Приезжая в Париж, я каждый раз виделся с Сенесе, Жюльеттой, Мэн, Шарлем. В тот день, когда я решил познакомить их с Жанной и привел ее на улицу Гинмэр, мы застали Флорана и Мэн стоящими на коленях возле кресла с лопнувшей по швам обивкой. Коленопреклоненный Флоран держал иголку в руке и пытался, по его выражению, «залечить раны» ткани, которую Мэн растягивала, весело и бойко насвистывая при этом «In Paradisum», заключительную часть «Реквиема» Габриэля Форе.[123] Я принес им миндальное печенье из Экса. Жанна, получившая от меня подробные инструкции, купила «монашки» – круглые пряники из Ремирмона. Эксские печеньица входят в число самых любимых моих сладостей – потому что они малы, как конфеты, почти невесомы, рассыпчаты, изысканны и тают во рту; потому что своей овальной формой напоминают иконки «Христос во славе»; потому что в них привкус яблока – трагического, женского, райского – постепенно уступает место миндалю; потому что они сохранили в себе частичку аромата кипарисовой хвои и горы Сент-Виктуар близ Экса; потому что их белизна напоминает скорее цвет человеческой кожи, чем цвет молока, или клыков, или непорочности; потому что можно счесть дьявольским искушением эти крошечные благословенные хллебцы, заключенные, точно голова гангстера в шелковый женский чулок, в пресную корочку облатки.

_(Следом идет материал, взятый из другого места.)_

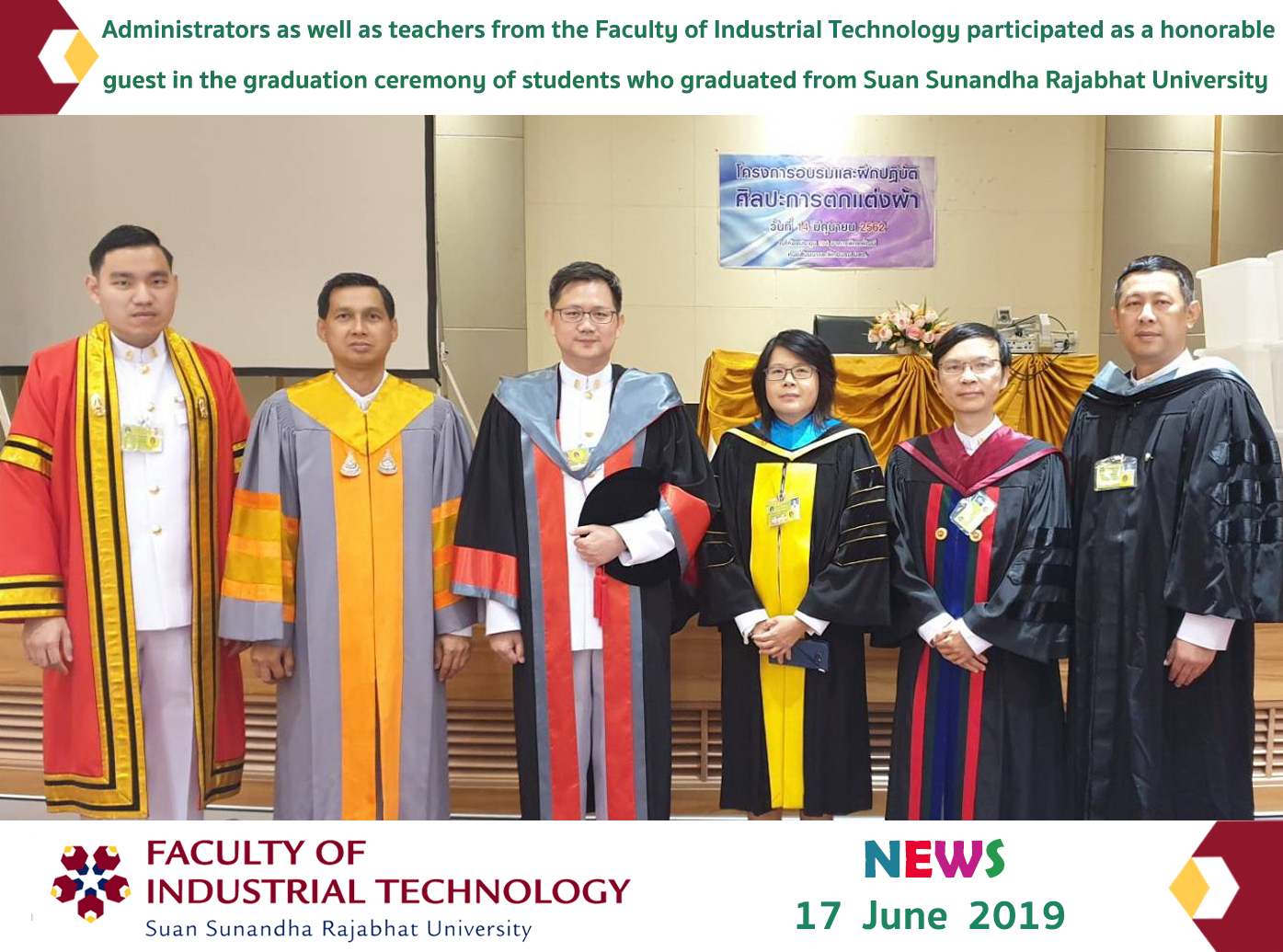 On June 17, 2019, administrators as well as teachers from the Faculty of Industrial Technology participated as a honorable guest in the graduation ceremony of students who graduated from Suan Sunandha Rajabhat University of the academic year 2016-2017 at Anek Nithat Building, Sukhothai Thammathirat Open University

В другой, особенно приятный вечер (у Сенесе теперь ели только рыбу, рыбные блюда с чудесными названиями – мерлан с зеленью, фаршированный морской язык, фрикасе из кошачьей акулы, сельдь под смородиновой подливкой, – служившие, по-моему, просто предлогом для распития эльзасских или швабских белых вин, которые я присылал им каждые два-три месяца, словно пытался возместить этим старый забытый долг, навсегда стереть его из памяти) Сенесе спел нам:

И он в сотый раз начал рассказывать зачарованно слушавшему Шарлю и Жюльетте, дремавшей в уютном кольце материнских рук, как по милости Меме Афшена анисовые печеньица с узкими желтыми или совсем тоненькими зелеными полосками получили название «глупостей». Это были обычные нескончаемые россказни Сенесе, которые, однако, мне приятно повторить здесь. Эмиль Афшен, некогда работавший в Камбре учеником кондитера, вбежал в гостиную, где сидела его бабушка, и спросил, не желает ли она попробовать его новое изделие: он небрежно вымесил тесто, и туда попали пузырьки воздуха, но результат, по его словам, оказался совсем недурен. Бабушка Афшен отведала выпечку, пожала плечами и сказала: «Бедняжка Эмиль опять наделал глупостей!» Да, со стороны наши разговоры показались бы донельзя глупыми. Не считая тех, что мы вели в двадцать лет.

«А помнишь, как мадемуазель Обье пела „Не мните же мои оборки!"?»



«Нет. Потому что мадемуазель Обье никогда не пела „Не мните же мои оборки!"».

Даже эти препирательства стали обычным ритуалом. Нельзя сказать, что наши разногласия являлись чисто формальными – по крайней мере, я раздражался вполне искренне, – по сути дела, то были ссоры-примирения. И взволнованность Сенесе тоже была непритворной.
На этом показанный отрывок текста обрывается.